Have you ever been by the ocean on a day when the water is rough and choppy, and the undertow is downright dangerous? The lifeguards post red flags all along the beach, warning people to stay out of the water for their own safety. Anyone foolish enough to go in the water when the red flags are flying does so at their own peril.They are just asking for trouble! The lifeguards will continue to fly the flags until the danger has passed and the sea is calm and safe to enjoy again.
- In the realm of relationships, many people ignore the red warning flags, always at their peril, which often involves a partner's pain as well. The red flags may signify the presence of a number of problems, but most often they warn of character disorders, addiction, or neuroses.
- Addiction is: any behavior that negatively affects your health, work, or primary relationships yet you continue to engage in this behavior.
- Many of those seeking relationships do not know that they need someone who is addiction-free if they hope to have a grate marriage.
- Some people drink too much, eat too much, or eat too little: some are addicted to pornography; others are addicted to nicotine, gambling or prescription drugs. Anyone who marries someone who is addicted to anything is asking for trouble.
- If you see any addictions or other serious emotional problems in the person you intend to relate with; these are red fags. Give it at least an year before you reconsider the relationship so that the red flag can be cured. An alcoholic life is usually in grave danger for a lifetime. Let the addict learn to live an addiction-free life on his/her own, not depending on you. All addictions take time to cure, so don't rush the process.
- Addicts become skilled liars and develop intricate webs of deceit to cover their addictive behavior. Any addict must go through professional counseling .
- A neurotic is a person who suffers excessive anxiety that causes him/her to be incapable of handling the everyday challenges and frustrations of life. When anxiety is too high, he or she easily becomes depressed.
- When a person feels threatened by everyday events or problems the response is often to avoid them, or run from the problem rather than facing them. This leads to more problems. Many times depression is the result of insecurity, anger, guilt, shame, or an experience of loss.
- Many divorced individuals experience extreme levels of depression and, conversely, no wonder so many untreated depression cases end up in divorce court. (A vicious cycle!)

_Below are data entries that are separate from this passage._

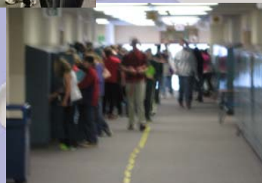
Sticking to the right – part of the Hallway Challenge
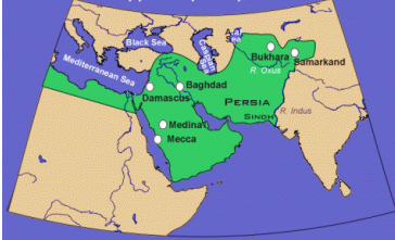
Muslim Expansion in Central Asia under the Umayyad Dynasty, 661-750 CE

http://www.awesomestories.com/asset/view/Muslim-Expansion-in-North-Africa-661-750-C.E.
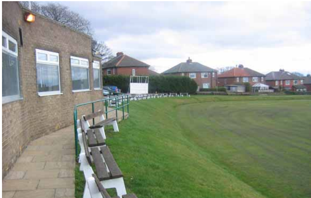
The clubrooms today

In 1933 a clubroom was added to the existing facilities at the ground: scoreboard, dressing-room block and tea pavilion.
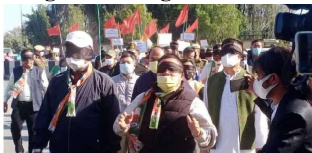
IT News Imphal, March 4:

The Manipur Pradesh Congress Committee and its alliance political party today staged a blindfold protest rally in front of the Congress Bhawan here in Imphal, alleging suppression of de-
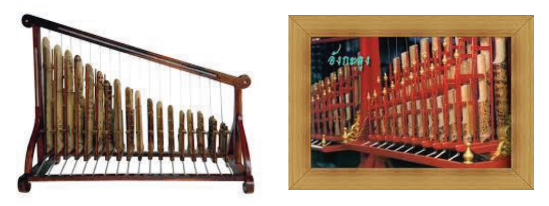
Setting of 18 hanging Angklung for one player

At present, the Thai Angklung are made in the medium size home factory founded in middle Thailand and they made a large frame of 10-18 hanging Angklung frames that is able to play by one man alone.
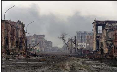
Australian, New Zealand and South Pacific Nations UN Enclave, Augsberg, Germany, 2000

A stranded UN composite unit in Germany, suitable for Southern Pacific characters.
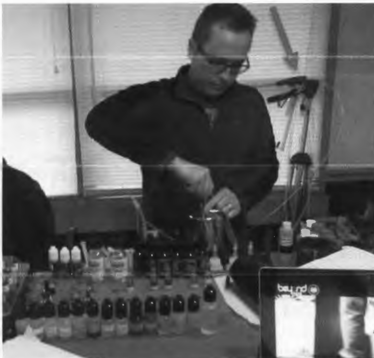
Figure 2. A National Institute for Occupational Safety and Health (NIOSH) investigator preparing to collect an air sample. An area sampling station is next to the window behind juice bar.
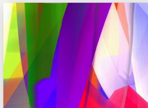
THREE O'CLOCK (EDITION 1/3)
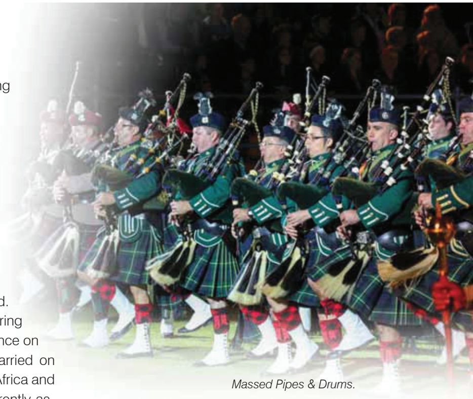
Massed Pipes & Drums.

The men of the SAASIC and their motorcycles made another spectacular appearance later in the show. The SANDF is in daily service of the people of South Africa in ways that we may not appreciate, including border control operations, support of other state departments and peace-keeping operations under the auspices of the United Nations and the African Union. They are also deployed in major game reserves to assist in curbing the ongoing scourge of
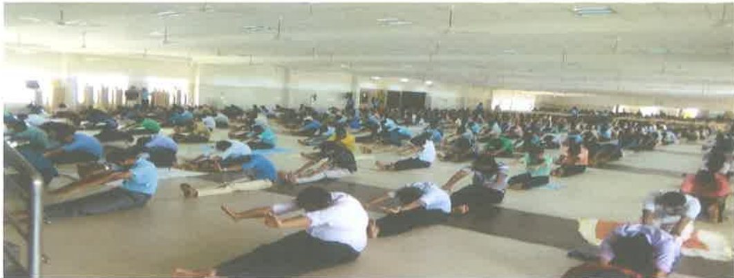
Students are eagerly performing Surya Namaskar postures on international yoga Day held at Agni College of Technology.
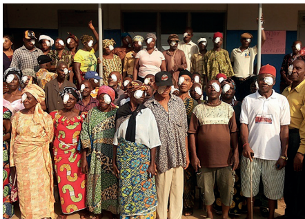
After cataract surgery at Deseret Community Vision Institute. NIGERIA
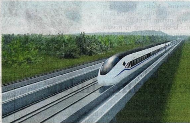
LAKARAN artis projek Landasan Kereta Api Berkelajuan Tinggi yang menghubungkan Bangkok dengan Nong Khai.

"Kami terus mencuba sebaiknya bagi membida projek-projek baharu untuk Kumpulan Bina Puri bagi memastikan pe-
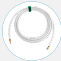
INFLATION HOSE, TRANSPARENT, 5 m (16.4'), 78905
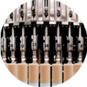
Filling Machine Line
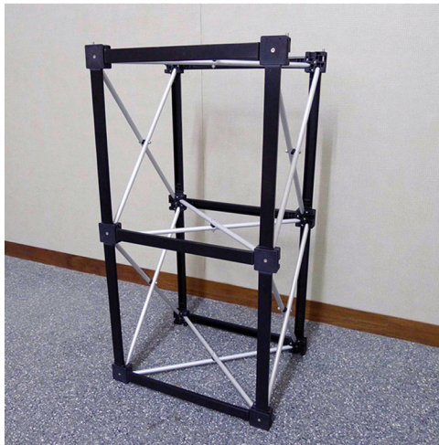
Step 2 : Insert the 8 Channel Bar (A) vertically to the front and back by slotting point end inside upper hub first.
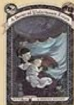
«THE WISE WINDOW»
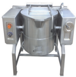
Tilting Boiling Pan
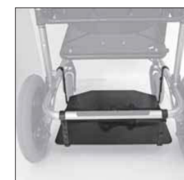
911 VENT TRAY , for carrying medical equipment (rear view)
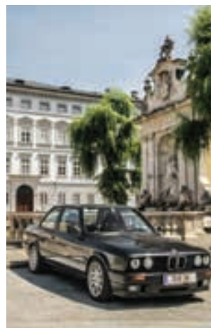
photo by Christopher Callahan post process + design by Martin Callahan

The E30 - the highly successful 3-Series model that BMW produced from 1982 to 1994. Available in various body styles including coupe, convertible, 4-door sedan, and “Touring” (wagon), it was the first 3-Series to offer a diesel engine, and with the 325iX, ground breaking all-wheel drive. The E30 platform was the basis for the first M3.
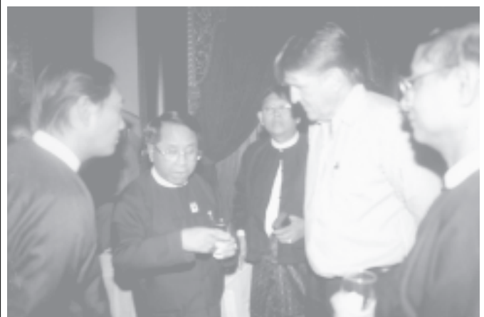
Minister Brig-Gen Kyaw Hsan gives replies to queries raised by a foreign correspondent at the dinner. — MNA

After the plenary session, the NC delegates had a recreation by playing games peacefully and joyfully yesterday and today evenings. —MNA
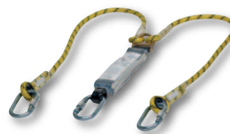
Twin-Leg, kernmantel rope, steel screwgate carabiners
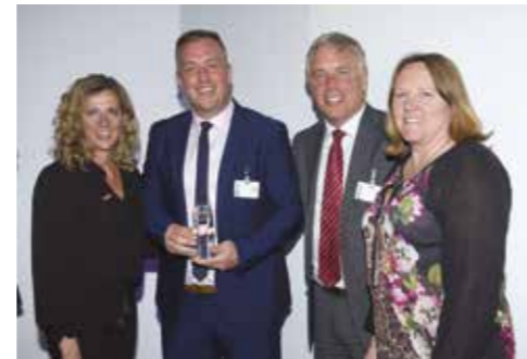
National GLL Sport Foundation Award Event
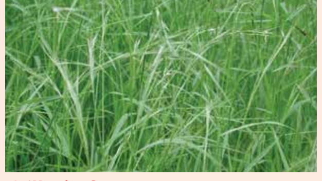
13. Weeping Grass Microlaena stipoides var stipoides (L von Richter)

• Scrambling vine with dense shiny leaves • Large showy bright yellow flowers • Prefers richer soils • Flowers: spring - early summer • Position: semi-sun • Great as food/habitat for: Insects and Birds
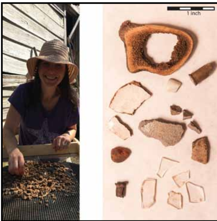
Artifacts from the west side of the house
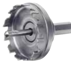
Carbide-tipped sheet metal cutters are not available in TINI, TC or cobalt.
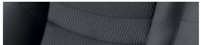
Cloth Seat Trim. Available on ST model only.
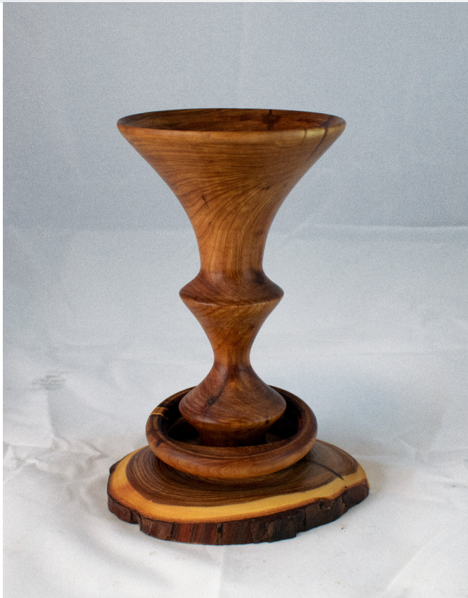
Left: "Chemical Coping" made from Arizona Cypress. Emerging cocktail glass with two captive rings.
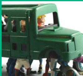
3D Gallery Group Show Thinking about Green Various Media
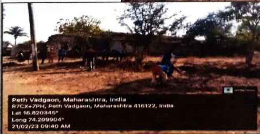
Peth Vadgaon, Maharashtra, India R7CX+7PH, Peth Vadgaon, Maharashtra 416122, India Lat 16.820345° Long 74.299904° 21/02/23 09:40 AM
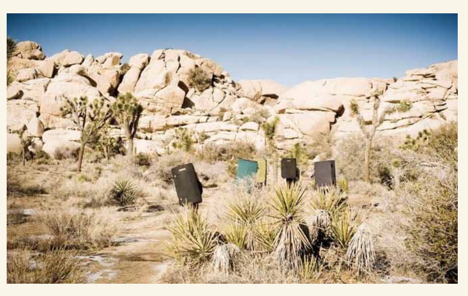
Most of Joshua Tree National Park sits within the Joshua Tree Wilderness, designated by Congress in 1976 and managed by the National Park Service.

While fixed anchors have been at the center of the Wilderness climbing controversy, they aren't the entire story. Other behaviors in Wilderness are also stirring up emotions.
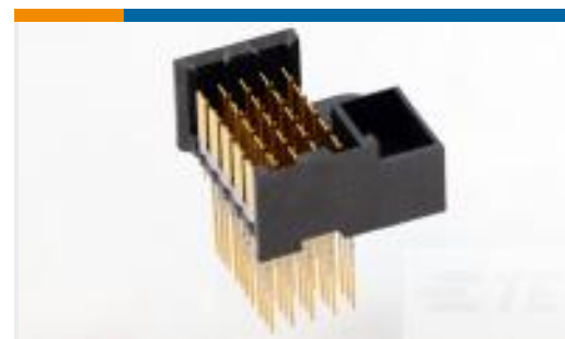
TE Part # 5120752-1 Z-PACK HS3 HDR ASY 10R 50P
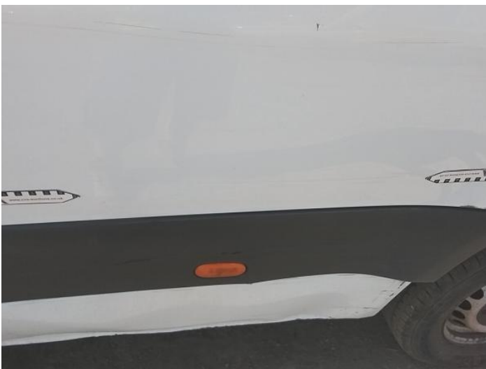
7: Qtr Panel nsr Dented With Paint Damage
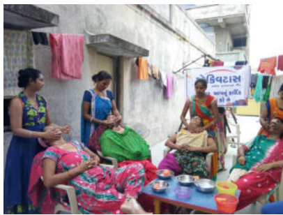
BEAUTICIAN TRAINING AT BAPUNGAR

1804 members located across India benefitted through five day skill training like Beautician Training, Tailoring, Embroidery, Pach Rangoli design making....etc. These training facilitates members to earn additional income. Along with the skill trainings, these women were provided health education, developed and supported by "Freedom from Hunger", USA. Through this health education women are being taught the importance of preventing them from non communicable diseases.
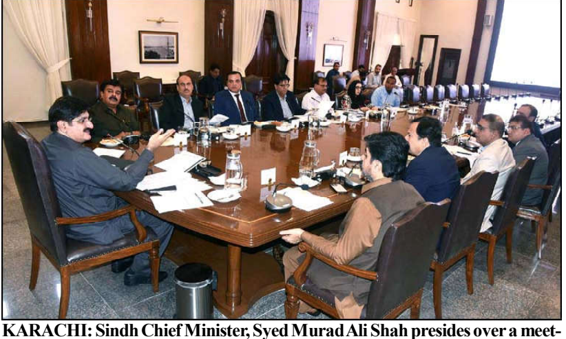
ing of the school education department, held at CM House in Karachi.

four cases, Punjab one, Khyber Pakhtunkhwa one, and Islamabad one
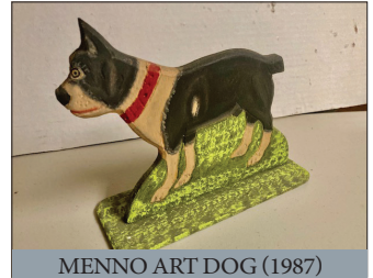
MENNO ART DOG (1987)

Terms: Cash, PA check or credit card w/3% fee; food by Weaverland Valley FC; sale held under tent, bring a chair.
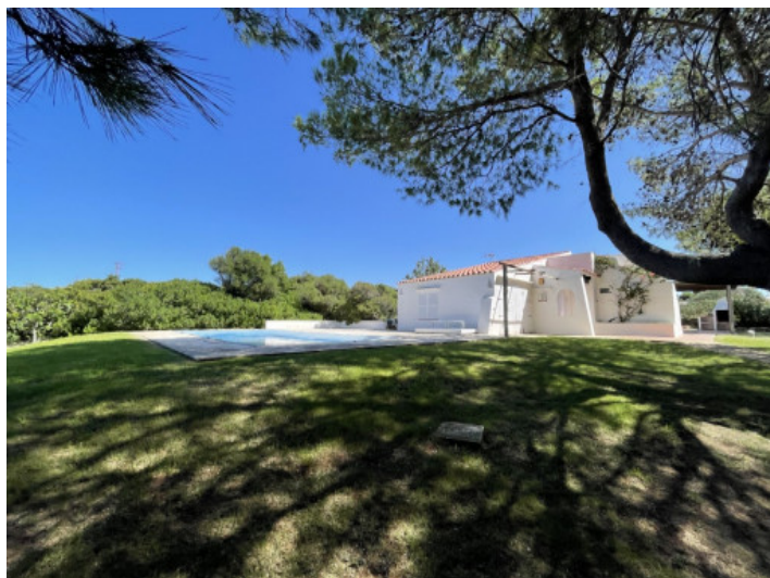
view to the house
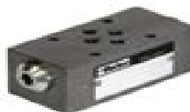
Parker ZRE Check Valve - Pilot Operated
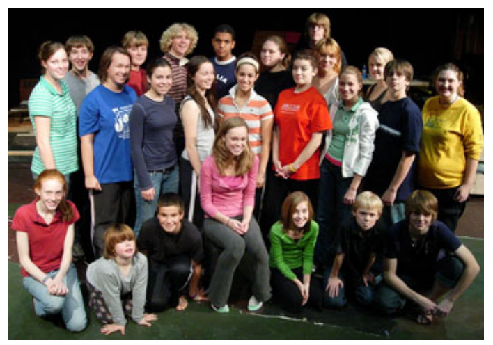
The Cast of THE SNOW MAIDEN: A Russian Folktale: Heartwood Regional Theater Company
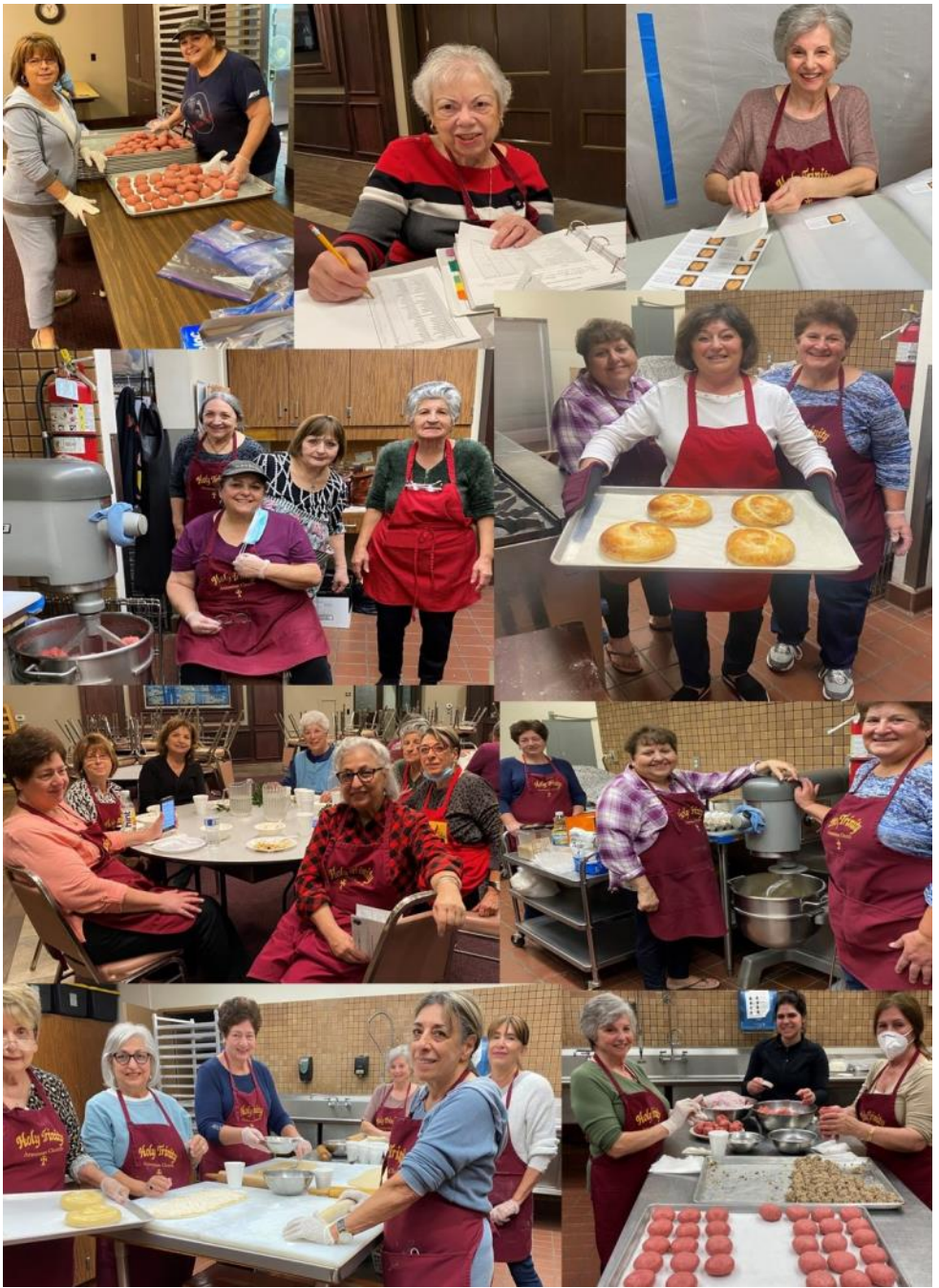
Our hard-working ladies baking, baking, and baking; also, making Kufta for your Holiday baked goods.

- Neurosis can be treated with psychotherapy. The time to treat any neurosis is before you enter a serious dating relationship.
- Another red flag is that some people are impulsive and want the relationship to proceed much too rapidly. "We have known each other for two weeks, and we think we are great together, so why don't we just go ahead and get married?". Often "hyper-spiritual" people slip into this error. "God brought us together, so we are sure it is his will that we marry now"
- SLOW DOWN, IF THE RELATIONSHIP OS OF PREMIUM QUALITY, IT WILL STILL BE THRIVING ONE YEAR FROM NOW.
- Too fast, too young, too eager- these are all warning red flags that should caution you to slow down and take another look at this relationship.
- Beware of "Boomerang" relationships, in which a person is trying to find the healing that he/she did not receive in the a previous relationship. Too often, the person who has not taken the time to process what went wrong, to accept responsibility for his or her actions and attitudes, and make changes accordingly is destined to repeat the problem all over again.
- Pursue a relationship when ALL the red flags are gone. WHAT A JOY!!!!!!!!
N/B: THE SEA SHOULD BE CALM AND THE SAILING SMOOTH. THEN STEP INTO THE RELATIONSHIP WATERS.
Thanks and always remember that you are blessed!!!!!!!!!